Explore sensory experiences with your child and observe what makes them happy. You don’t even need to know why your child likes it. Just trust that they do and talk about the experience so your child will be excited to share more good feelings with you.

A little girl squishing putty toy

Toys for late talkers should be fun

Parents know their kids best. It’s important to trust that they will learn from whatever activity they love and enjoy focusing on.

You may want to buy your child the coolest new toys, encourage your favorite sport or hobby, or choose amazing toys that your therapist used. However, these options will cause frustration unless you somehow incorporate your child’s obsession with running around, waving sticks, or pouring liquids. 

Kids will happily try and expand their learning to new areas with the same type of activities they have shown preference for previously. Smart parents choose toys that are easy and related to experiences that their kids find fun.

Plus, when an activity or a toy is simple, it is much easier to model the types of words your child wants to use while playing with that toy. If there is a struggle around a toy or activity, it’s probably not a good choice.

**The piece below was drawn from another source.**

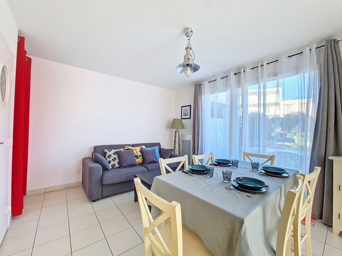 30 平方公尺的住宿,地理位置優越,可輕鬆前往所有景點和便利設施,步行即可抵達。旅遊局、航海中心、麵包店、理髮店、電影院、游泳池、煙草店、餐廳、護理室。 包括一間主臥室,配有沙發、小廚房、2 灶電磁爐、小冰箱、咖啡機(過濾器)、 水壺、微波爐和廚房用具。 一間浴室,配有淋浴間、毛巾烘乾機、吹風機。
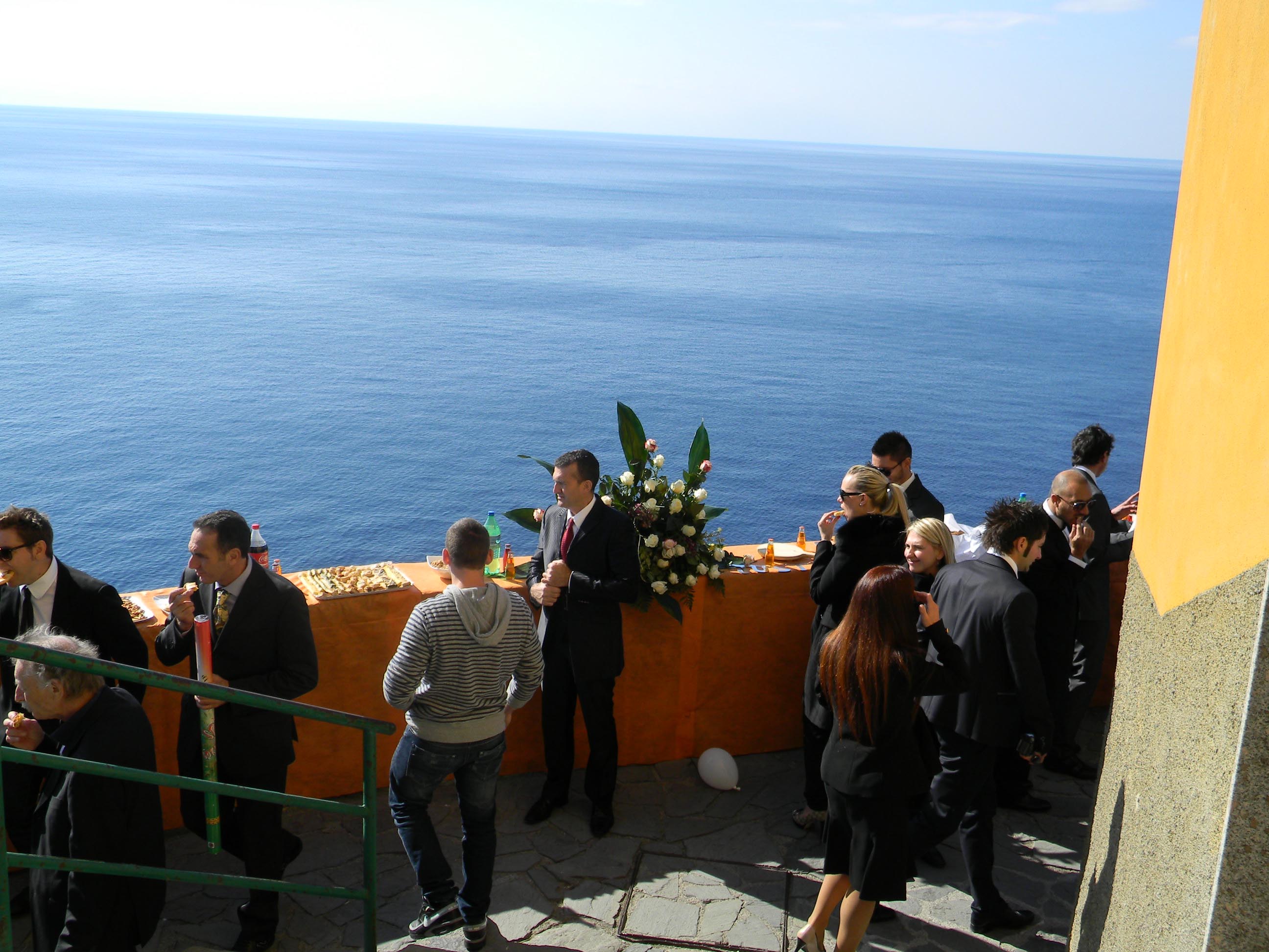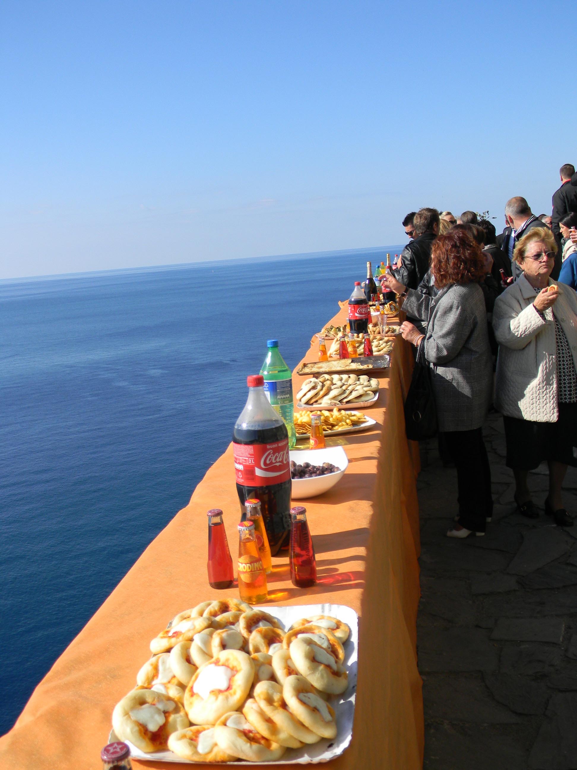 Light cliffside refreshments and Champagne overlooking the sparkling sea, ah. Then on to Monterosso for lobster risotto, ceviche, frutti di mare, shrimp, crawfish and fresh anchovies, salmon crudo and velvety fish paté and mousse. Plus Spanish jamon crudo, a steak course and 10,000 desserts, including mini-wedding cakes and gelato wrapped in hazelnut wafer with dark chocolate. Grappa and coffee.

That’s why my ultimate advice for choosing toys for your late talker is: If it isn’t fun, it isn’t fun. When you explore what your child loves to do and choose toys accordingly, you’ll never be stumped at the toy store or frustrated with unused toys again.


Q: How do you help late talkers?

A: Late talkers can benefit from speech therapy, which focuses on improving communication skills and language development. Additionally, creating a language-rich environment at home, encouraging verbal interactions, and using visual aids can support their language acquisition.

Q: What toys encourage talking?

A: Toys with interactive features such as dolls, action figures, or playsets that prompt imaginative storytelling and role-playing can encourage talking in children. Additionally, educational toys like board games or those with speech recognition technology can also improve verbal communication skills through engaging activities.

Q: How do you play with a toddler with speech delay?

A: Engage in activities that encourage communication, such as playing with interactive toys, using simple gestures, and reading books together. Be patient, provide positive reinforcement, and create a supportive environment to foster the development of their speech skills.

Q: Do most late talkers catch up?

A: Yes, many late talkers do catch up with their peers in language development, especially if there are no underlying developmental issues. However, some may require intervention or support to facilitate language skills.